Philip Champion de Crespigny (1738–1803) was a British lawyer and politician who sat in the House of Commons between 1774 and 1790.
 
He was of Huguenot descent, the son of Philip Champion de Crespigny (1704-1765), proctor of the Admiralty court, and his wife Anne Fonnereau, daughter of Claude Fonnereau of Christchurch Mansion in Ipswich, Suffolk. His elder brother Claude was made a baronet in 1805.

Philip Champion de Crespigny was probably educated at Eton College in 1748, and was an advocate of Doctors' Commons in 1759. In 1768, he became King's Proctor and held the post until 1784.

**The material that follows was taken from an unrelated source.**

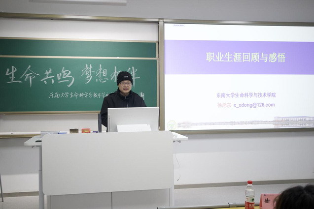 徐旭东老师分享了自己的科研与求学经历,他从中学时代对科学的热爱娓娓道来,高考虽与心仪物理系失之交臂,但在大学接触微生物学后逐渐明确方向,此后在工作与深造中不断积累经验,在多个高校和岗位上持续探索,历经诸多挑战。徐老师还特别指出合成生物学与 AI 的结合是生物工程专业的前沿方向,这一结合将为生物工程带来诸多突破机会。徐老师对同学们说,他深知大家在专业学习和未来规划方面存在诸多困惑,就像他曾经一样。他希望同学们能从他的经历中汲取经验,明白人生不会一帆风顺,但只要坚持就能找到方向。他强调专业学习虽然充满挑战,但只要有兴趣并坚持动手实践,就能在过程中收获乐趣。对于未来的选择,无论是专业方向、就业还是深造,都要充分考虑自身兴趣与实际情况,不要盲目跟风,也不要轻易放弃。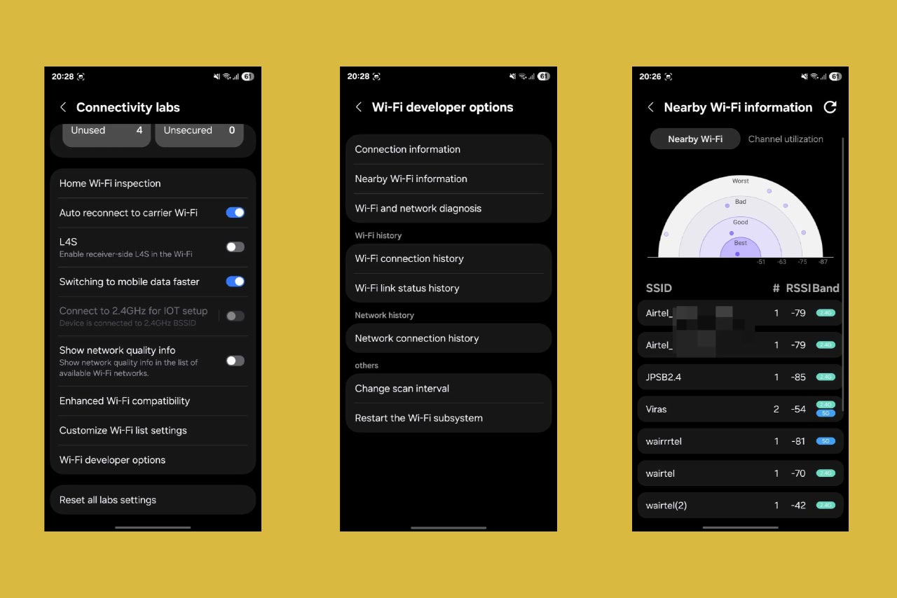 در این شرایط، منوی Connectivity Labs ابزاری کاربردی در اختیار شما قرار میدهد. این ابزار Nearby Wi‑Fi Information نام دارد؛ و قادر است بهطور دقیق تمام شبکههای وایفای اطراف را اسکن کرده و اطلاعاتی کاربردی همچون قدرت سیگنال دریافتی و باند فرکانسی را برای هر شبکه نمایش را ارائه دهد.

In 1774, he was elected as a Member of Parliament for Sudbury on the Fonnereau interest after a contest, but lost his seat on petition. In 1780, he was returned unopposed at Aldeburgh, also on the Fonnereau interest, as well as at Sudbury after a contest. He held both seats until 1781, when he lost Sudbury on petition, and continued to sit for Aldeburgh. The English Chronicle wrote in 1781 that “his hauteur is so distinguished, that he is generally characterised ... by the profane, though very applicable appellation, of God Almighty”. He was returned unopposed at Aldeburgh in 1784, but did not stand in the 1790 election.  He was a member of the Whig club.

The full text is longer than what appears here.